To get a list of SSc-related DEGs, gene expression profiles of the involved forearm area of patients with SSc were compared with forearm samples from the NC groups. A total of 1089 upregulated DEGs were identified in dSSc and 192 in lSSc, respectively (supplementary file S1). Of these, 191 DEGs were shared by dSSc and lSSc. When compared with uninvolved back areas of patients with SSc and same-site samples from the NC groups, 31 upregulated DEGs were identified in dSSc and five in lSSc, respectively (supplementary file S1). A single DEG (IFI27) was shared by dSSc and lSSc. Enrichment of the type I interferon (IFN) signalling pathway (p=3.67×106) was observed in 31 DEGs of dSSc by performing functional enrichment analysis. The combined clinical characteristics of the patients with dSSc were summarised in supplementary figure S2B. In subsequent analyses, we focused the data of dSSc because there were more enriched gene expression signatures with more samples.
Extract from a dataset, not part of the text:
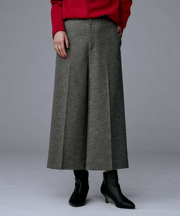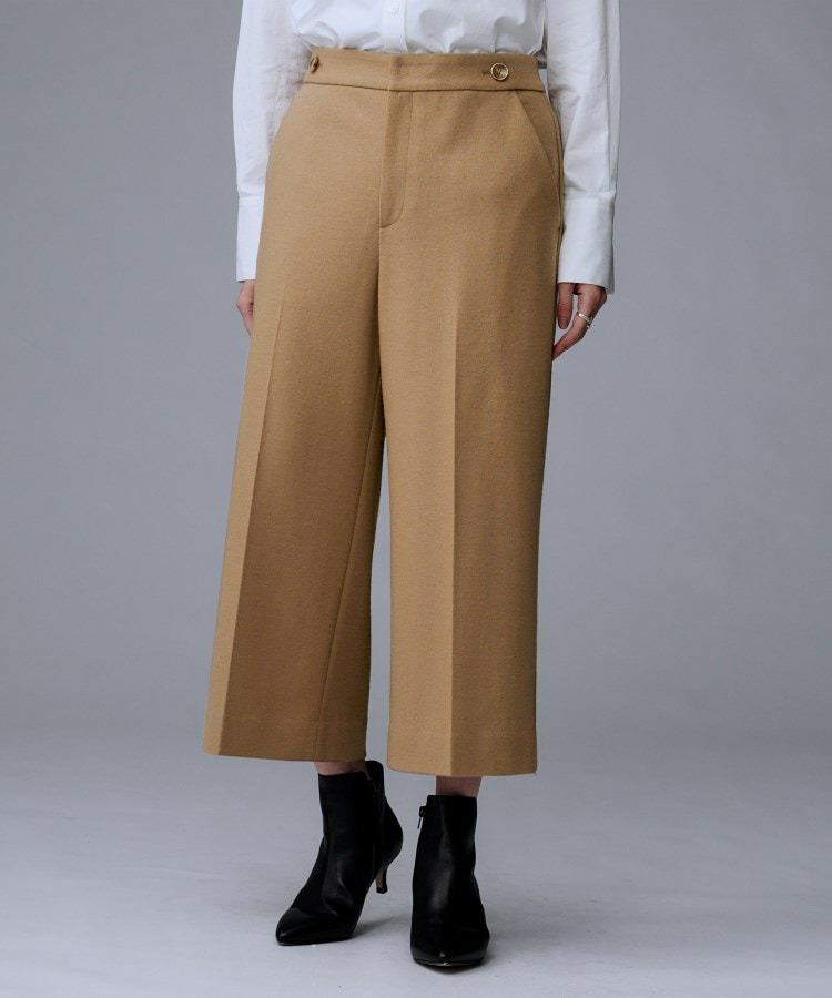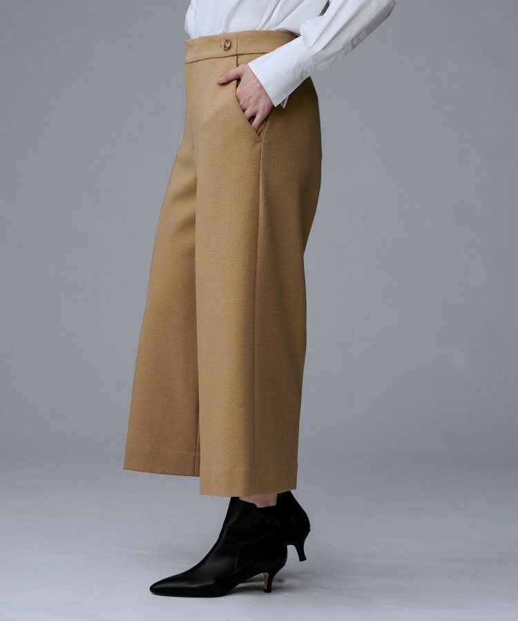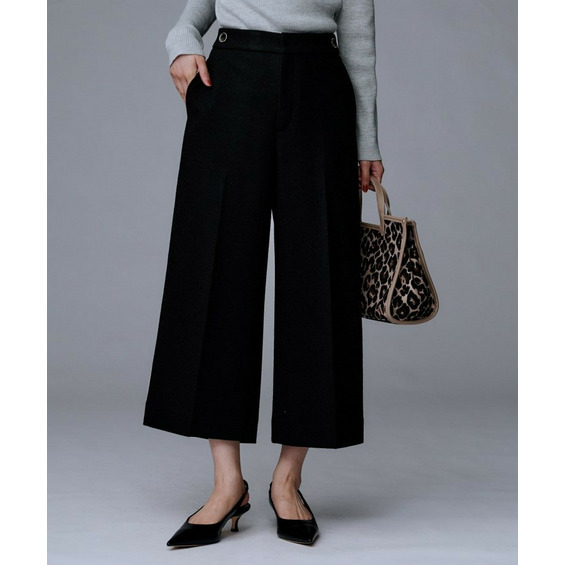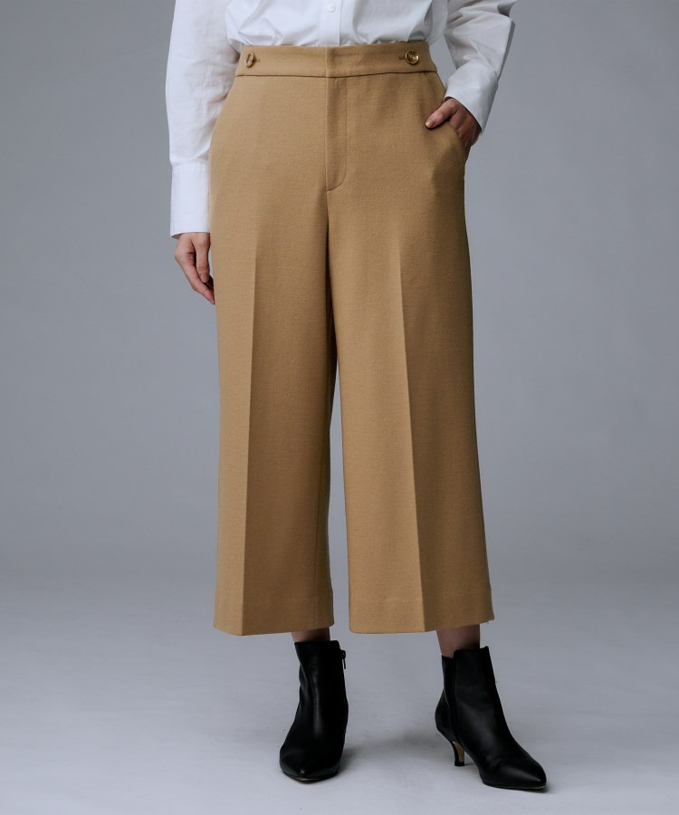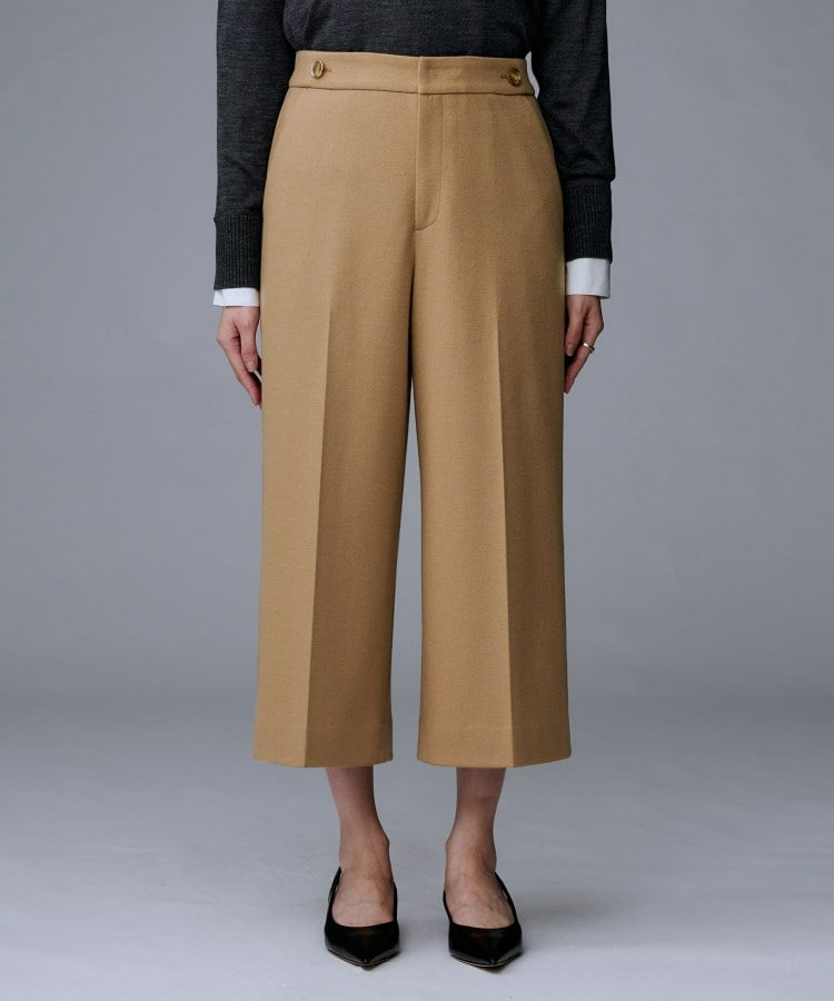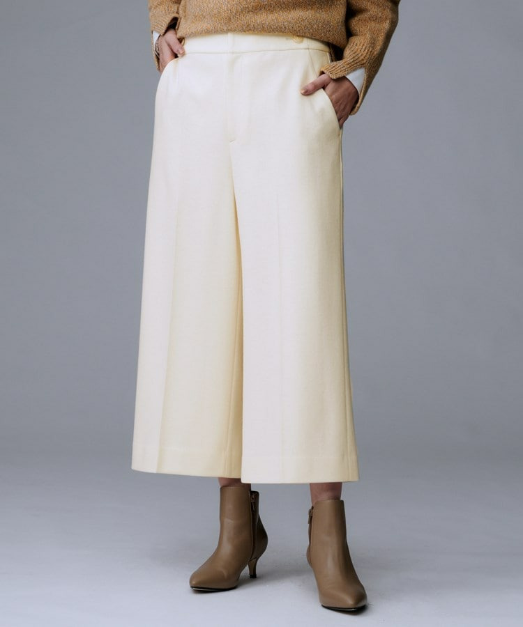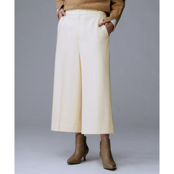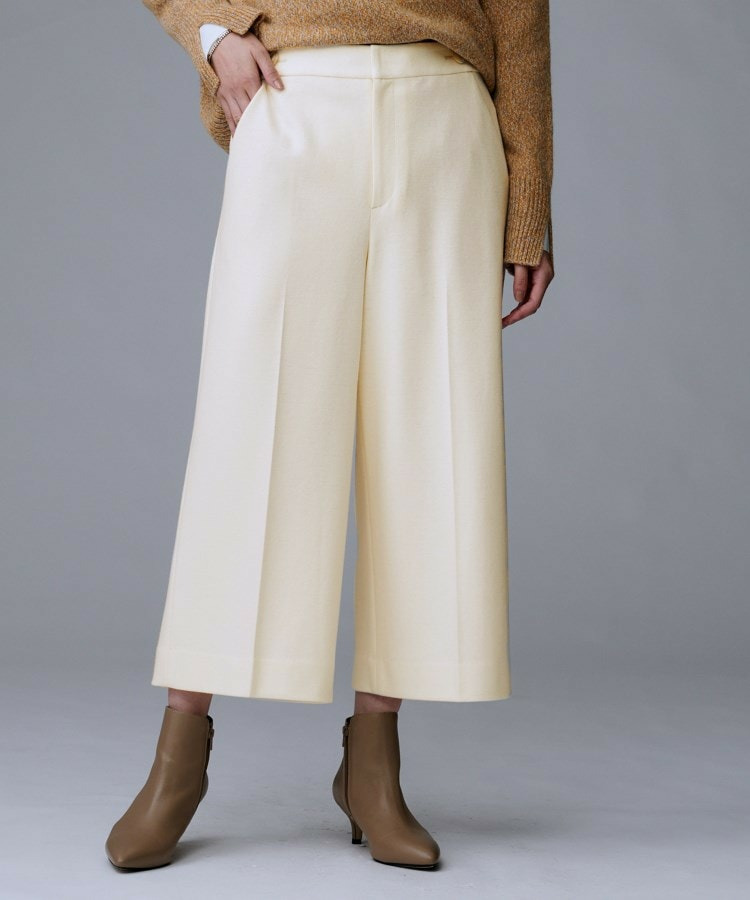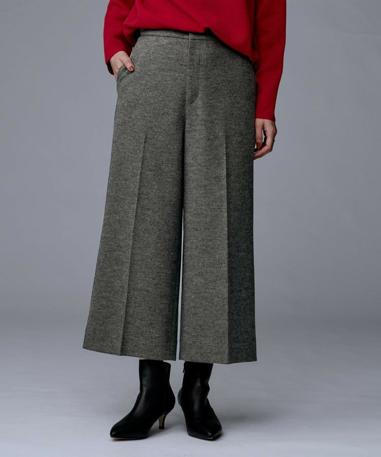 【ウール100%/ウエスト後ろゴム】 クロップドワイドパンツ

Protein-to-protein interaction network and enriched biological processes

Because identification of central attractors in the gene and protein network can provide clues about novel disease-associated genes with high priority and hidden targets for further experimentation, we constructed a protein-to-protein interaction network of dSSc (figure 2A). We identified 1068 interactions of the 1089 DEGs, and 620 genes were isolated without a link. Inter-relationships between genetic susceptibility, potential drug targets and hub positions on the network were shown schematically in supplementary figure S4. Of these, 14 DEGs overlapped with SSc genetic susceptibility loci previously discovered10–13 and five genes (CTGF, HCK, LYN, PDGFRB and PPARG) were the potential target molecules for therapy.14 15 A total of 89 genes were ranked as hub molecules based on centrality analysis, and four target molecules, except PPARG, have the hub position. Notably, CTGF was the unique gene with both molecular target potentiality and hub status among the susceptibility genes.10 15–17

Figure 2

Differentially expressed genes (DEGs) and their functional networks. (A) Protein–protein interaction network of upregulated DEG. Informative genes are coloured and guided at the right-side table. (B) Gene-set enrichment map for whole gene expression profiles. Nodes represent gene ontology (GO)-termed gene sets. Their colour intensity and size are proportional to the enrichment significance and the gene size, respectively. Edge thickness represents the degree of overlap between gene sets, and only edges with a Jaccard similarity coefficient larger than 0.25 were visualised. Conglomerates of functionally related gene-sets were manually curated based on the GO parent–child hierarchy and assigned a label.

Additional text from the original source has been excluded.